# Task data
▬▬▬▬▬▬▬▬▬▬

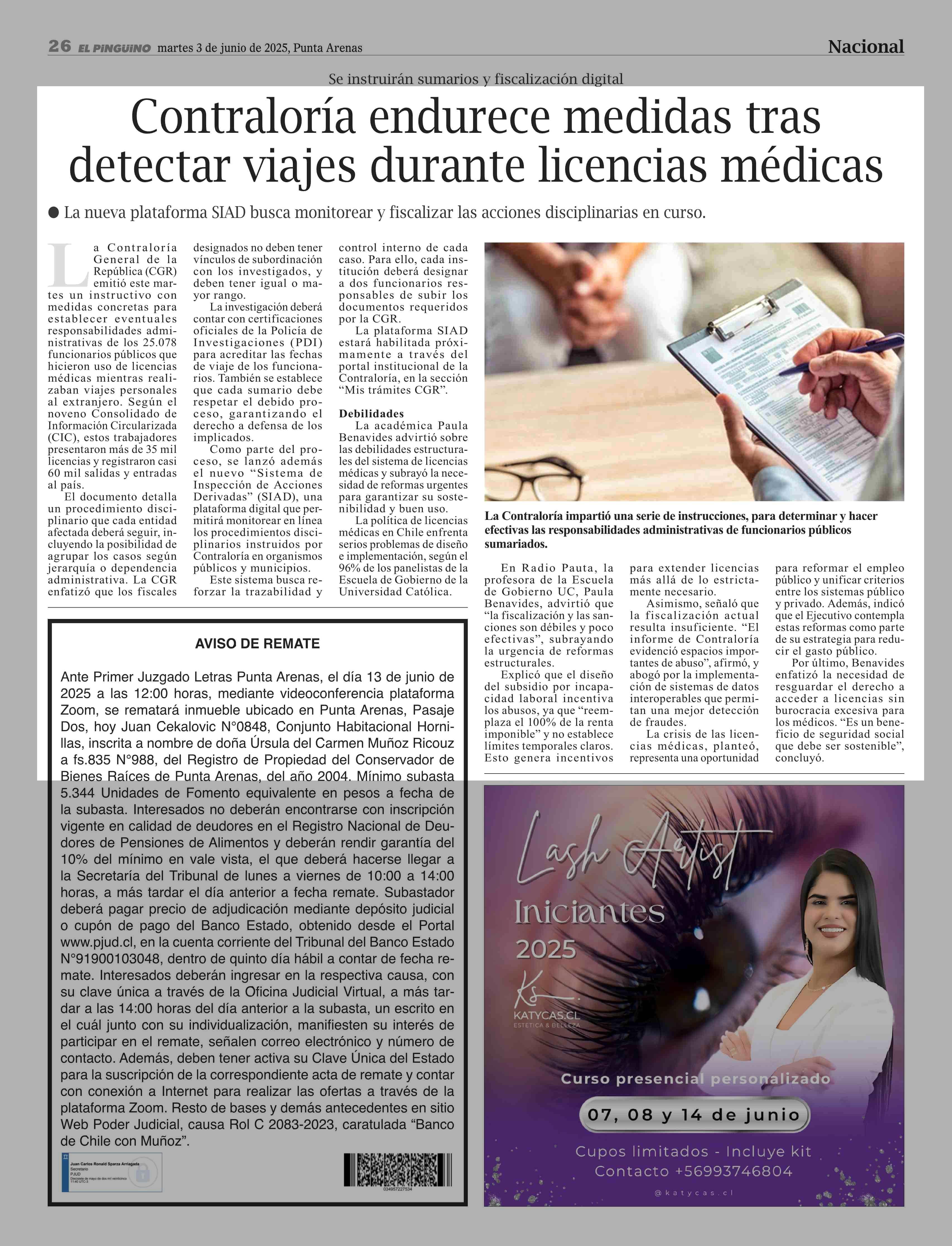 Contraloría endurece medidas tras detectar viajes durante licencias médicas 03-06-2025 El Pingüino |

▬▬▬▬▬▬▬▬▬▬

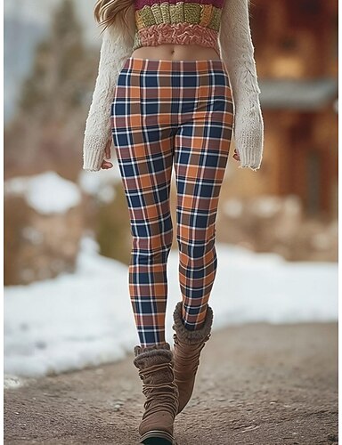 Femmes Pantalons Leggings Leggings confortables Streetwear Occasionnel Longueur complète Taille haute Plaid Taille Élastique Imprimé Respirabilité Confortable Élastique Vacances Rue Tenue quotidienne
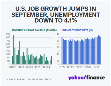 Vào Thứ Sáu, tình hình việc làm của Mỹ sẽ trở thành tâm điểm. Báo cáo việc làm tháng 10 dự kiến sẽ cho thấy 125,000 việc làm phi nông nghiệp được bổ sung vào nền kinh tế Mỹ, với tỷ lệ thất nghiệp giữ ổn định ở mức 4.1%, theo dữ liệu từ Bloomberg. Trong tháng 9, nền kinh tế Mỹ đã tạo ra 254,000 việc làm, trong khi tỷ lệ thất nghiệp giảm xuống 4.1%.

▬▬▬▬▬▬▬▬▬▬

# What the task requires
Range to copy from the listing above: the line with "Femmes Pantalons Leggings" through the line with "Vào Thứ Sáu, tình". Transcribe it exactly and skip the pictures.

# Task response
 Femmes Pantalons Leggings Leggings confortables Streetwear Occasionnel Longueur complète Taille haute Plaid Taille Élastique Imprimé Respirabilité Confortable Élastique Vacances Rue Tenue quotidienne
 Vào Thứ Sáu, tình hình việc làm của Mỹ sẽ trở thành tâm điểm. Báo cáo việc làm tháng 10 dự kiến sẽ cho thấy 125,000 việc làm phi nông nghiệp được bổ sung vào nền kinh tế Mỹ, với tỷ lệ thất nghiệp giữ ổn định ở mức 4.1%, theo dữ liệu từ Bloomberg. Trong tháng 9, nền kinh tế Mỹ đã tạo ra 254,000 việc làm, trong khi tỷ lệ thất nghiệp giảm xuống 4.1%.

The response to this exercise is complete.